*What the task asks*:
Exclude all pictures, then write out exactly the lines below from the first one through the line with "Från 10 månader.".

*Dataset records*:
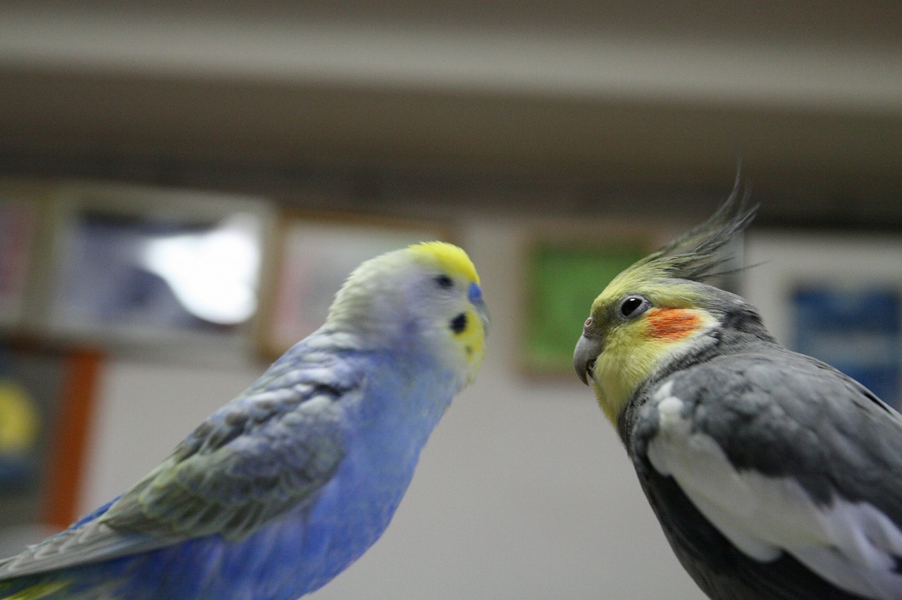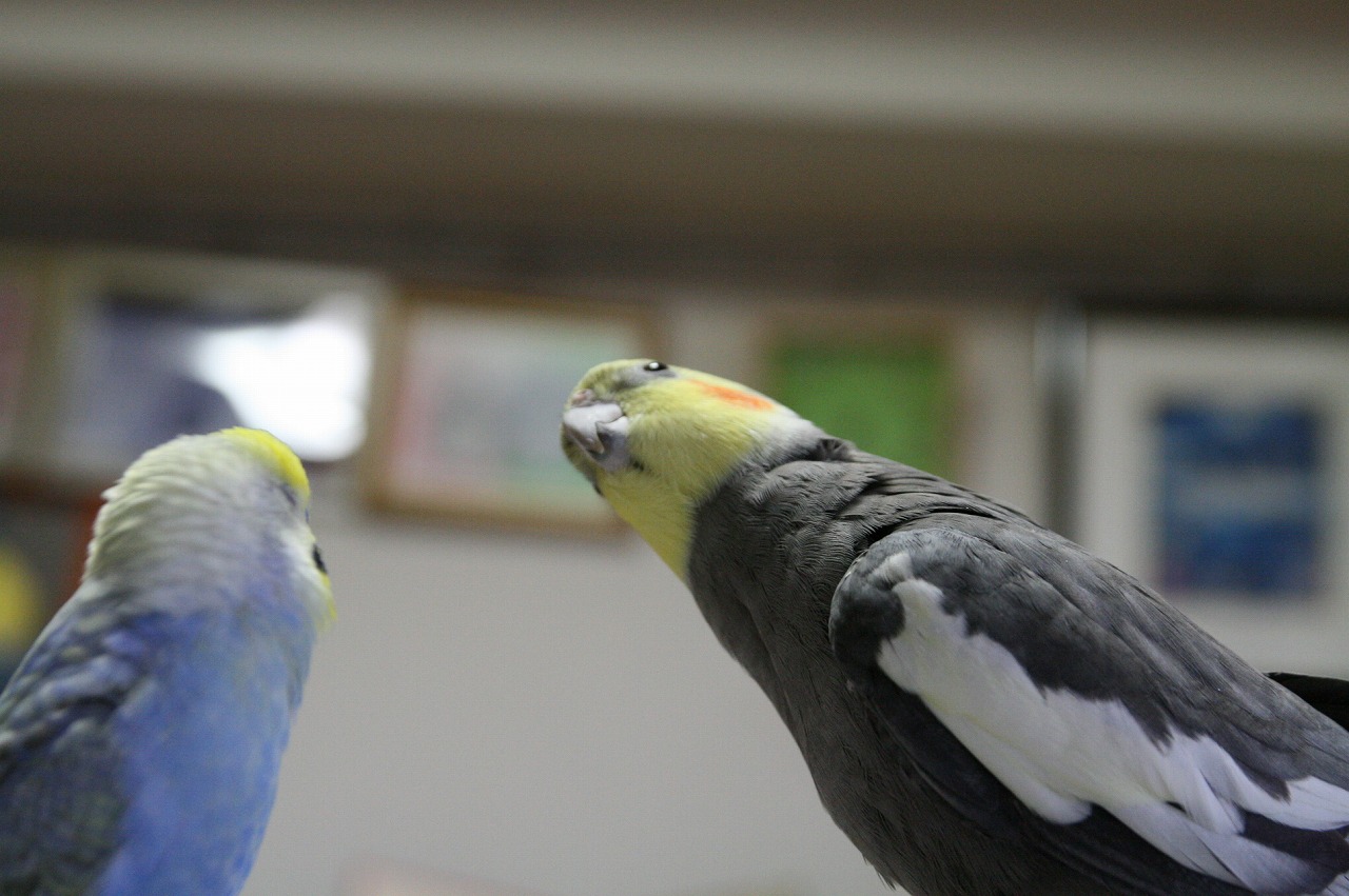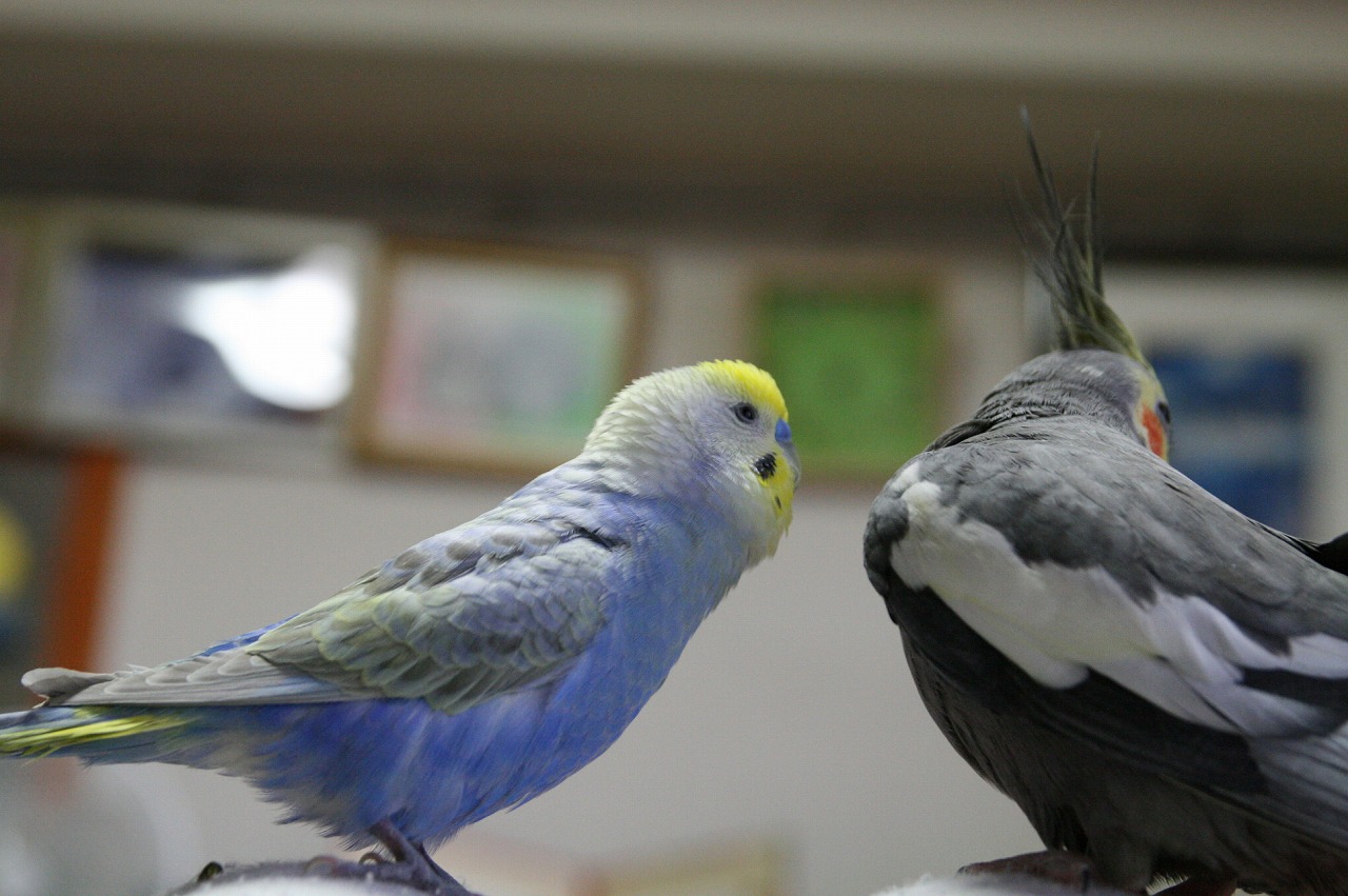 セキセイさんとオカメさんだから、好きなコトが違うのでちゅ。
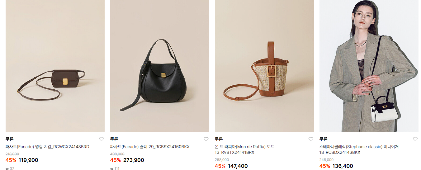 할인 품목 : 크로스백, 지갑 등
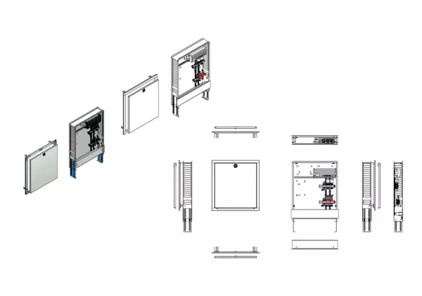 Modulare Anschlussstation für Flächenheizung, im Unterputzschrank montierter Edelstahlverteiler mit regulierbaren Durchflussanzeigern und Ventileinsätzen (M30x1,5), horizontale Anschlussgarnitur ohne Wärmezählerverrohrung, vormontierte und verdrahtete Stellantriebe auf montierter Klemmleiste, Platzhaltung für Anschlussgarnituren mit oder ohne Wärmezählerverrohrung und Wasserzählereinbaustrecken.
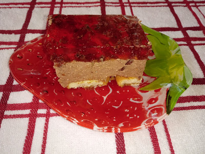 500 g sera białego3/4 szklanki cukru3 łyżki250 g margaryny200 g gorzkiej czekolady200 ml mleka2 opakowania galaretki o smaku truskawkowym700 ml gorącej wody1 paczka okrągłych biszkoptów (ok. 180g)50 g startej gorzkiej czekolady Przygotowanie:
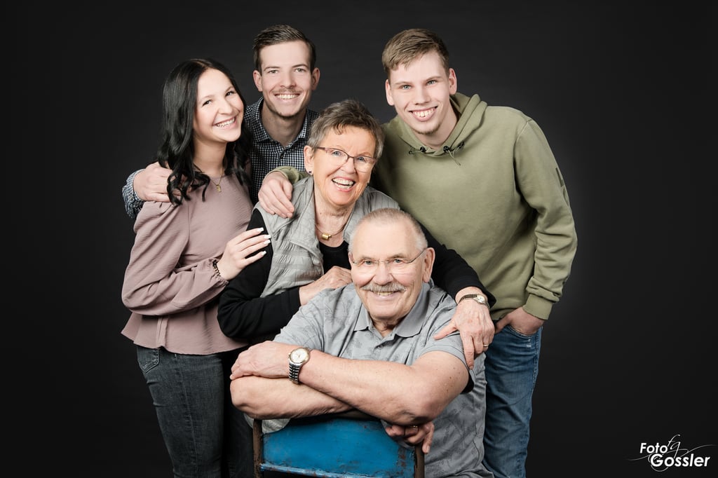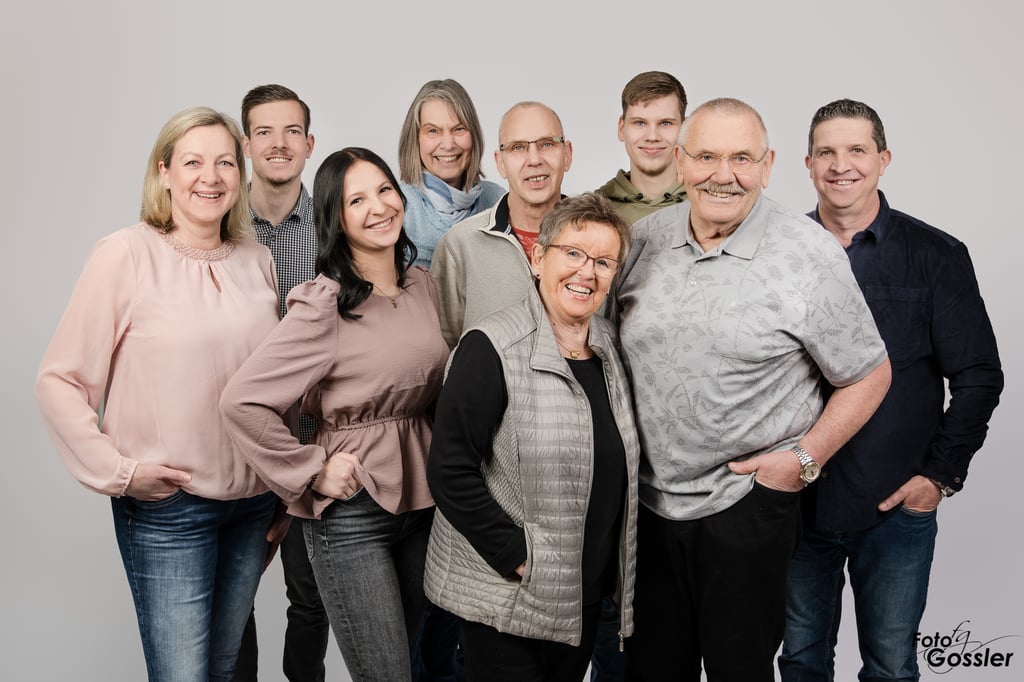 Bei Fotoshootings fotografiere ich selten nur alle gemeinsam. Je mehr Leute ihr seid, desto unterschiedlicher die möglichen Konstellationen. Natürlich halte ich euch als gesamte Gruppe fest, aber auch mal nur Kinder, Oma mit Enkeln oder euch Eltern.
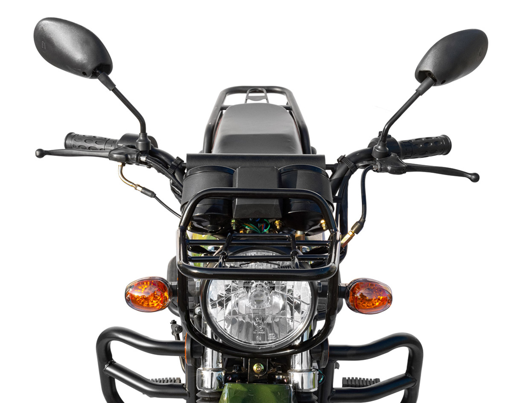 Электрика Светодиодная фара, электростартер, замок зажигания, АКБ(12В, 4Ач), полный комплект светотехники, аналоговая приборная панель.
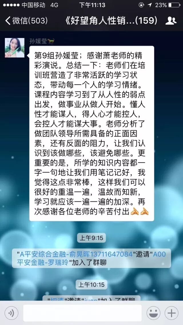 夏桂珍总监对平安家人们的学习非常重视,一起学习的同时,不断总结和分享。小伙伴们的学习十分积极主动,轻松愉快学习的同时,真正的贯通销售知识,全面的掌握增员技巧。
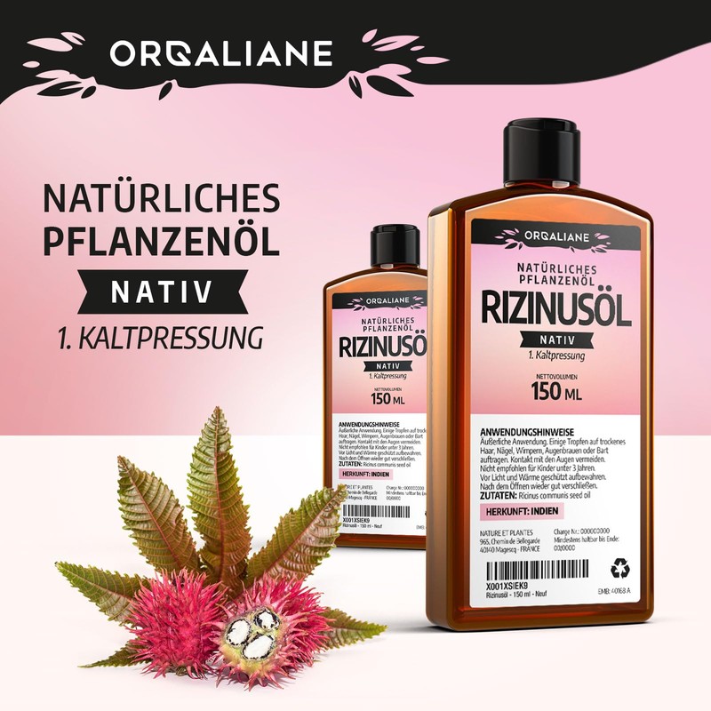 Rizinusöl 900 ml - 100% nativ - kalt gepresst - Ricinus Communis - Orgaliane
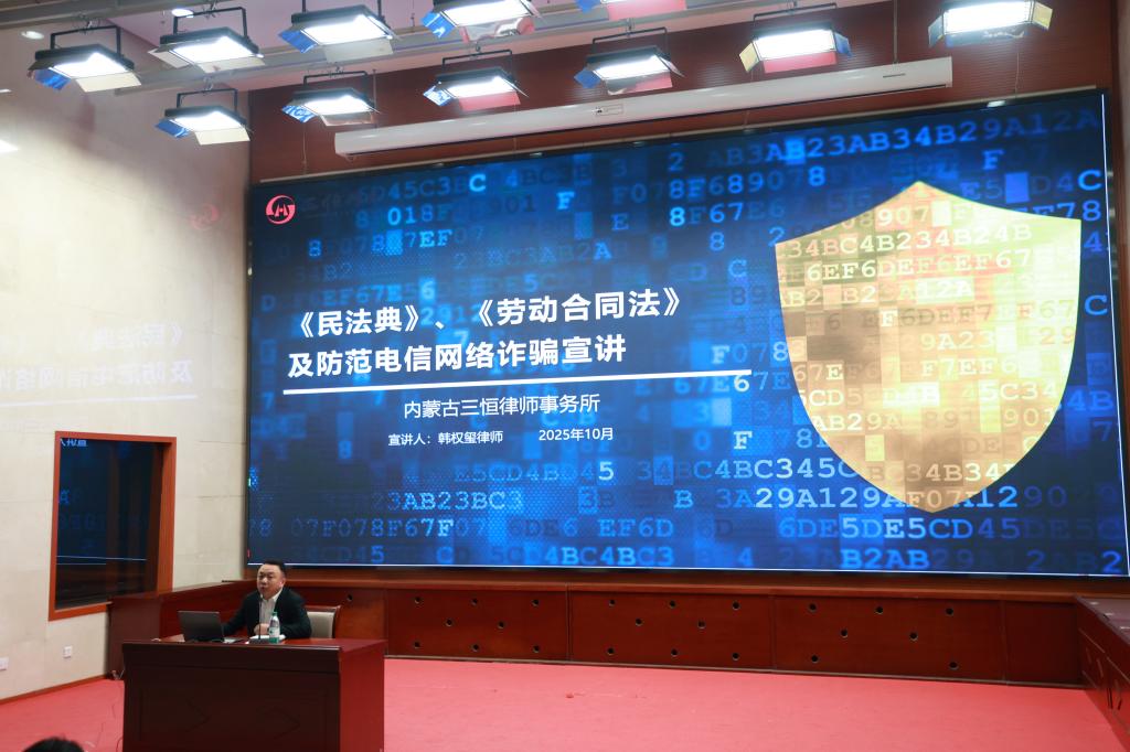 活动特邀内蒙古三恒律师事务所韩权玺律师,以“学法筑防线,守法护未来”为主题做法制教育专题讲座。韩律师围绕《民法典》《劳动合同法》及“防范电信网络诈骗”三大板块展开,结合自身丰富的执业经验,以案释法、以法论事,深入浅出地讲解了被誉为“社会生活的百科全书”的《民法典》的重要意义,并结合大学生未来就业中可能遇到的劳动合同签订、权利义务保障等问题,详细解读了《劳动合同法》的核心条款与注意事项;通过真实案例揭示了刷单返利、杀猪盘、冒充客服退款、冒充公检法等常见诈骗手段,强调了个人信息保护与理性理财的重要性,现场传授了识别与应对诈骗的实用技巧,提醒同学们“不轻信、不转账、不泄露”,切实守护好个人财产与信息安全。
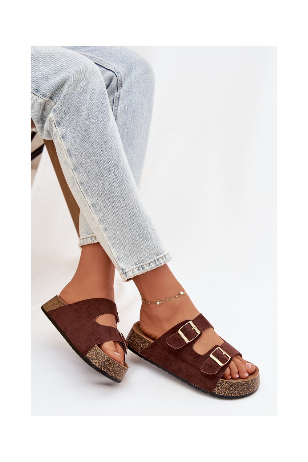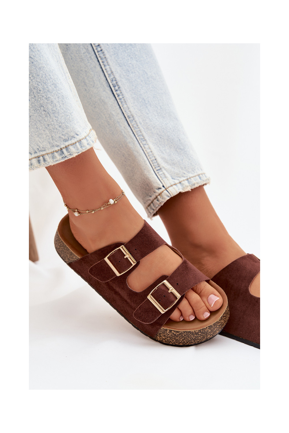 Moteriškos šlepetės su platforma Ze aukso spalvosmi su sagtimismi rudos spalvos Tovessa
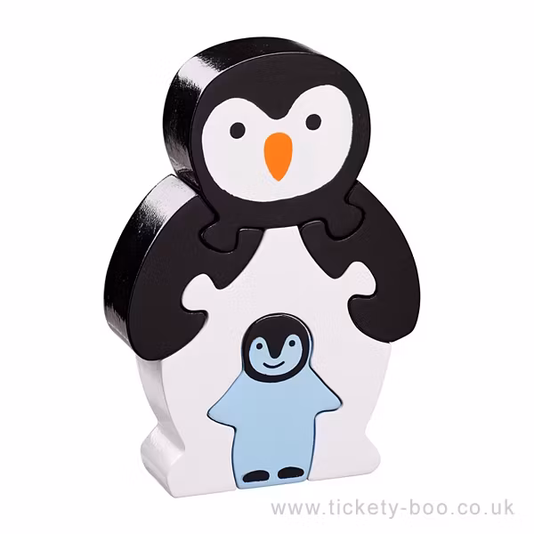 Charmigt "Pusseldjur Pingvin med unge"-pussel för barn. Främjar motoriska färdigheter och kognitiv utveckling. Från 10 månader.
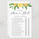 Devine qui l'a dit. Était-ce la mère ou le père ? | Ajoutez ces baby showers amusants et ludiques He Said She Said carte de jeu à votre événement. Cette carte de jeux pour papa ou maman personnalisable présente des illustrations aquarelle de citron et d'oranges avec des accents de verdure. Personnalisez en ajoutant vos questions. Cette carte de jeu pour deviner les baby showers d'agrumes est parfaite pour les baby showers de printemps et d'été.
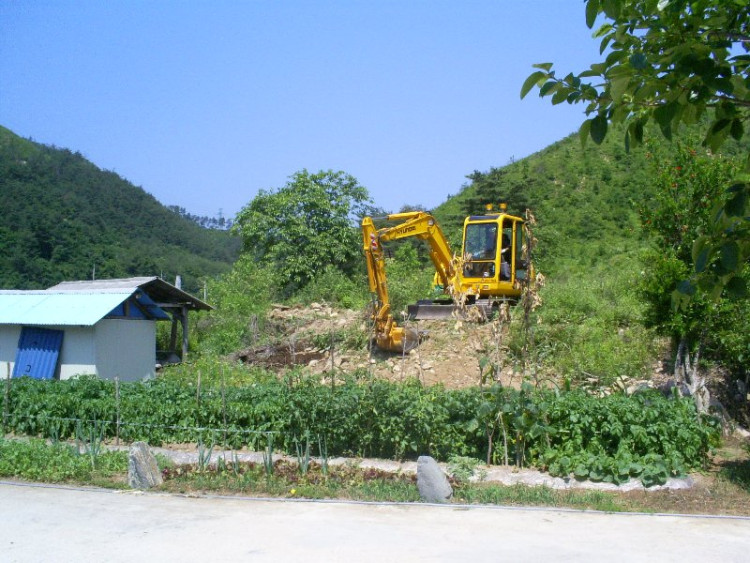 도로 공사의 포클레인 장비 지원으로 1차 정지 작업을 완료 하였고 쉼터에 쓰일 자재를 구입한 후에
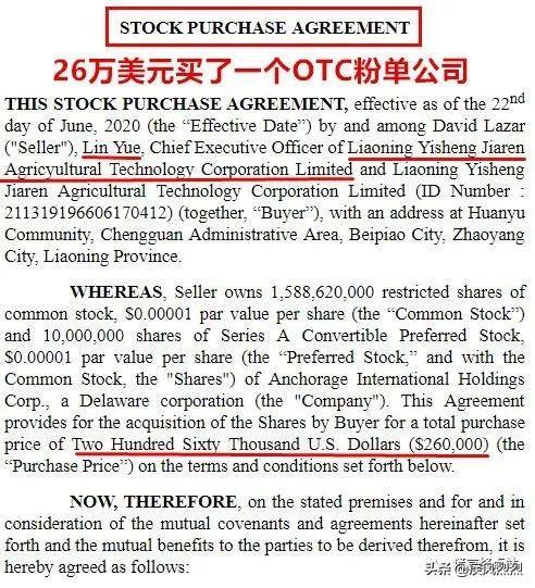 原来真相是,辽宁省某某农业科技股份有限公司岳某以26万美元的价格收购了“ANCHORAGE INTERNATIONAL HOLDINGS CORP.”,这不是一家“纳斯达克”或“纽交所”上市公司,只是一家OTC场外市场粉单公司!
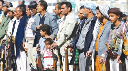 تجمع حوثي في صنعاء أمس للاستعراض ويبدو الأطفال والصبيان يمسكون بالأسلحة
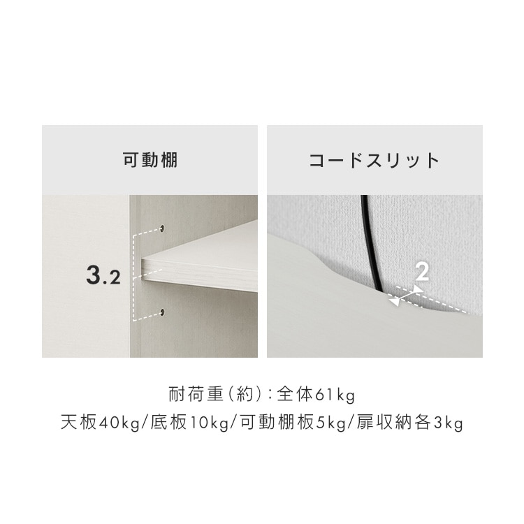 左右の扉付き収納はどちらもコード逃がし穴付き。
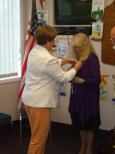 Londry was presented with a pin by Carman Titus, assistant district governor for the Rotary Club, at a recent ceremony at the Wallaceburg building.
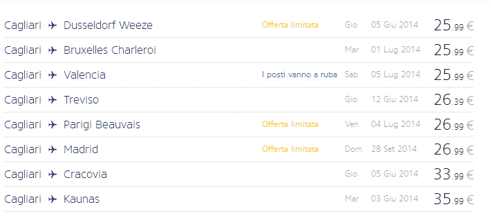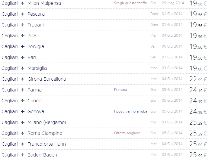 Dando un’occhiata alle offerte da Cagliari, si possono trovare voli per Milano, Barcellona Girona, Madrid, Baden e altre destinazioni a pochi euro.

*Result below*:
 セキセイさんとオカメさんだから、好きなコトが違うのでちゅ。
 할인 품목 : 크로스백, 지갑 등
 Modulare Anschlussstation für Flächenheizung, im Unterputzschrank montierter Edelstahlverteiler mit regulierbaren Durchflussanzeigern und Ventileinsätzen (M30x1,5), horizontale Anschlussgarnitur ohne Wärmezählerverrohrung, vormontierte und verdrahtete Stellantriebe auf montierter Klemmleiste, Platzhaltung für Anschlussgarnituren mit oder ohne Wärmezählerverrohrung und Wasserzählereinbaustrecken.
 500 g sera białego3/4 szklanki cukru3 łyżki250 g margaryny200 g gorzkiej czekolady200 ml mleka2 opakowania galaretki o smaku truskawkowym700 ml gorącej wody1 paczka okrągłych biszkoptów (ok. 180g)50 g startej gorzkiej czekolady Przygotowanie:
 Bei Fotoshootings fotografiere ich selten nur alle gemeinsam. Je mehr Leute ihr seid, desto unterschiedlicher die möglichen Konstellationen. Natürlich halte ich euch als gesamte Gruppe fest, aber auch mal nur Kinder, Oma mit Enkeln oder euch Eltern.
 Электрика Светодиодная фара, электростартер, замок зажигания, АКБ(12В, 4Ач), полный комплект светотехники, аналоговая приборная панель.
 夏桂珍总监对平安家人们的学习非常重视,一起学习的同时,不断总结和分享。小伙伴们的学习十分积极主动,轻松愉快学习的同时,真正的贯通销售知识,全面的掌握增员技巧。
 Rizinusöl 900 ml - 100% nativ - kalt gepresst - Ricinus Communis - Orgaliane
 活动特邀内蒙古三恒律师事务所韩权玺律师,以“学法筑防线,守法护未来”为主题做法制教育专题讲座。韩律师围绕《民法典》《劳动合同法》及“防范电信网络诈骗”三大板块展开,结合自身丰富的执业经验,以案释法、以法论事,深入浅出地讲解了被誉为“社会生活的百科全书”的《民法典》的重要意义,并结合大学生未来就业中可能遇到的劳动合同签订、权利义务保障等问题,详细解读了《劳动合同法》的核心条款与注意事项;通过真实案例揭示了刷单返利、杀猪盘、冒充客服退款、冒充公检法等常见诈骗手段,强调了个人信息保护与理性理财的重要性,现场传授了识别与应对诈骗的实用技巧,提醒同学们“不轻信、不转账、不泄露”,切实守护好个人财产与信息安全。
 Moteriškos šlepetės su platforma Ze aukso spalvosmi su sagtimismi rudos spalvos Tovessa
 Charmigt "Pusseldjur Pingvin med unge"-pussel för barn. Främjar motoriska färdigheter och kognitiv utveckling. Från 10 månader.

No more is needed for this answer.